A very popular, though simple design, is the parallel pattern. Starting from a point, the tiles are patterned parallel to each other with uniform stripes.
Shaped like a T, the row of bricks starting from the wall creates joints and links to each other. The aesthetic pattern produces a rustic ambiance that reminds of the far away and long ago amidst urban scenes. Rough finishing on ceramic with a faded surface sets the tone.
An irregular approach
Though it does appear complex, it’s different and inexpensive too. The tiles in abstract shapes are joined with mortar. The tiles with curving edges are fitted together. The design is called Prague in honor of the Brazilian designer, Renata Rubim.
Contrast is the key with the use of two patterns of tiles that create two dissimilar sections. It often resembles a carpet pattern with dark and classic tiles for a striking effect.
The geometrical minimalist approach
Imagine a tiny, stylish kitchen floor. Wood imitation ceramic tiles are arranged in the herringbone V-shaped pattern.
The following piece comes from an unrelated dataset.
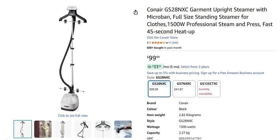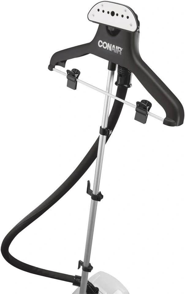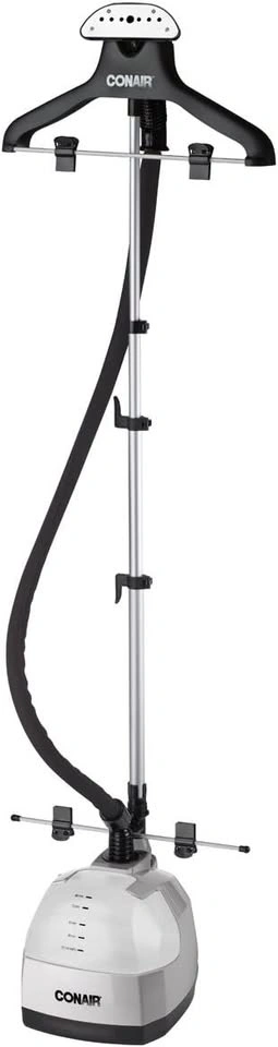 67Full Size Standing Steamer for Clothes. 1500W Professional Steam and Press, Fast 45-second Heat-up. Features a telescoping pole for height adjustment and T nozzle with 5 foot cool touch insulated hose, 360 degree rotating hanger with clips for steaming pants, and easy roll casters. MODEL: GS28NXC

The wooden cabinets and counters blend in well. The herringbone is getting popular after long in a modern setting.
Get familiar with a bold and different approach. Many tile designs work together randomly. Do you find that interesting? The remaining variety of mosaics could work well together. Replacing the ones that crack up is no problem either. If the walls and furniture are of neutral shades, such a pattern would work.